If you’re not familiar with the “get-give ratio,” there’s a good reason for that. It’s something several friends and I came up one evening while sitting around a roaring fire, enjoying the crisp night air and some good music. To me, that’s the perfect recipe for kicking back and just talking about whatever comes to mind—maybe even getting a little philosophical.

At one point, the conversation turned to dogs. Of course my black lab, Nellie, was sitting there beside me. We started talking about how dogs give everything—love, empathy, loyalty, companionship. Yet, they don’t ask for much in return. Nellie is a great example. For her, contentment is a full belly (usually something with chicken), a long walk and lying on the couch or floor next to her people.

That invariably led to a deeper discussion about what the get-give ratio looks like in our own lives, and what motivates people to give—even when there is no clear return to be had. I’ve always heard that if you make deposits in other people’s buckets, the universe will have your back and reward you. I think there’s a lot of truth to that.

The importance of creating an impact

Recently, during one of our quarterly leadership meetings, we did an exercise that involved everyone writing a letter to their future selves, 20 years down the road. A common theme quickly emerged: Money is not an end in itself, but a tool for creating the impact you want to see in the world, whether that’s your family, your business, your community, etc.

Dan Price, the CEO of Gravity Payments, is a great example of someone using their financial resources to create the kind of impact they want to see in the world—but in a very unconventional way. According to HuffPost , the tech entrepreneur shocked the business world in 2015 when he announced plans to slash his own $1.1 million pay package to help fund a minimum “living wage” of $70,000 for all workers at his Seattle-based credit card processing company. The plan took two years to implement. Instead of going out of business, as critics across corporate America and Wall Street predicted, the company has been hailed as a success by Harvard Business School and Inc. magazine, which noted the number of employees at Gravity has doubled while the value of payments that the company processes has gone from $3.8 billion a year to $10.2 billion. However, what I found most remarkable was Price’s response to a question posed to him on Twitter , asking what had changed about his life, following his extreme pay cut to $70,000 per year.

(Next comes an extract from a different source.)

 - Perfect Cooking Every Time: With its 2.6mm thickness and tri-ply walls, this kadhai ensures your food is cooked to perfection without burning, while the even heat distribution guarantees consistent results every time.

Price responded: “I made a lot of personal changes. But I still had savings and made a fair salary. I don't miss anything about the millionaire lifestyle. Money buys happiness when it gets you out of poverty but not when it gets you from well-off to very well-off.

Price’s remarks echoed the results of a well-publicized study conducted by two Princeton University researchers in 2010, seeking a definitive answer to the age-old question: Can money buy happiness? In a nutshell, the researchers concluded that “high income improves evaluation of life but not emotional well-being.”

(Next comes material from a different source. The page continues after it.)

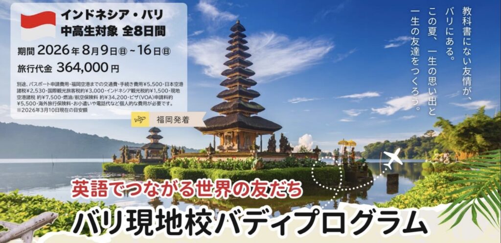 引率付!2026年夏・中高生インドネシア、バリ島現地校バディプログラム(航空券付)

The study noted that as salaries increase beyond $75,000 (roughly $90,000 in today’s dollars, adjusted for inflation), “higher income is neither the road to experience happiness nor the road to relief of unhappiness or stress, although higher income continues to improve individuals' life evaluations.”

One of the study’s authors explained it this way to Inc. magazine: “We suspect that this means, in part, that when people have a lot more money, they can buy a lot more pleasures, but there are some indications that when you have a lot of money, you will savor each pleasure less. Perhaps there’s a threshold beyond which further increases in income no longer improve individuals' ability to do what matters most to their emotional well-being, such as spending time with people they like, avoiding pain and disease, and enjoying leisure.”

I’ve seen this theory play out many times over the course of my career as an independent wealth advisor. All too often, successful people get caught up in the rat race of accumulating wealth. That can lead to viewing your wealth as a measure of your success or social standing. The more wealth you amass, the bigger and better the “stuff” you need to continue to signal your success to the outside world. However, it can leave you feeling empty and bereft on the inside.

How the get-give ratio can make a difference in your life

As you think about your own life, consider what the get-give ratio means for you. Where do you want to make an impact as you go through life and after you’re gone? Life provides endless opportunities to give of ourselves—as parents, siblings, grandparents, professionals, business owners—you name it. Maybe you do that through volunteer work, daily acts of kindness or putting a grandchild through college. Maybe starting your own charitable foundation, scholarship or endowment is more your thing.

However you choose to make an impact, make sure you’re viewing your wealth as a tool for fulfilling the experiences you desire for yourself, family members, and the causes and organizations you support. That will allow you to create the meaningful alignment you seek between your money and your values.

This is where working with an independent wealth advisor, who serves in a fiduciary capacity, can make a difference for you and your family. A financial advisor can help you determine what organizations and charitable giving vehicles align with your values. They can help you calculate a plan to donate to important causes in a way that maximizes your generosity and offers you and your beneficiaries the greatest tax benefits. That enables you to give in a way that makes the most impact. As for what you get in return, take it from Nellie, be a good human and the universe will have that one covered.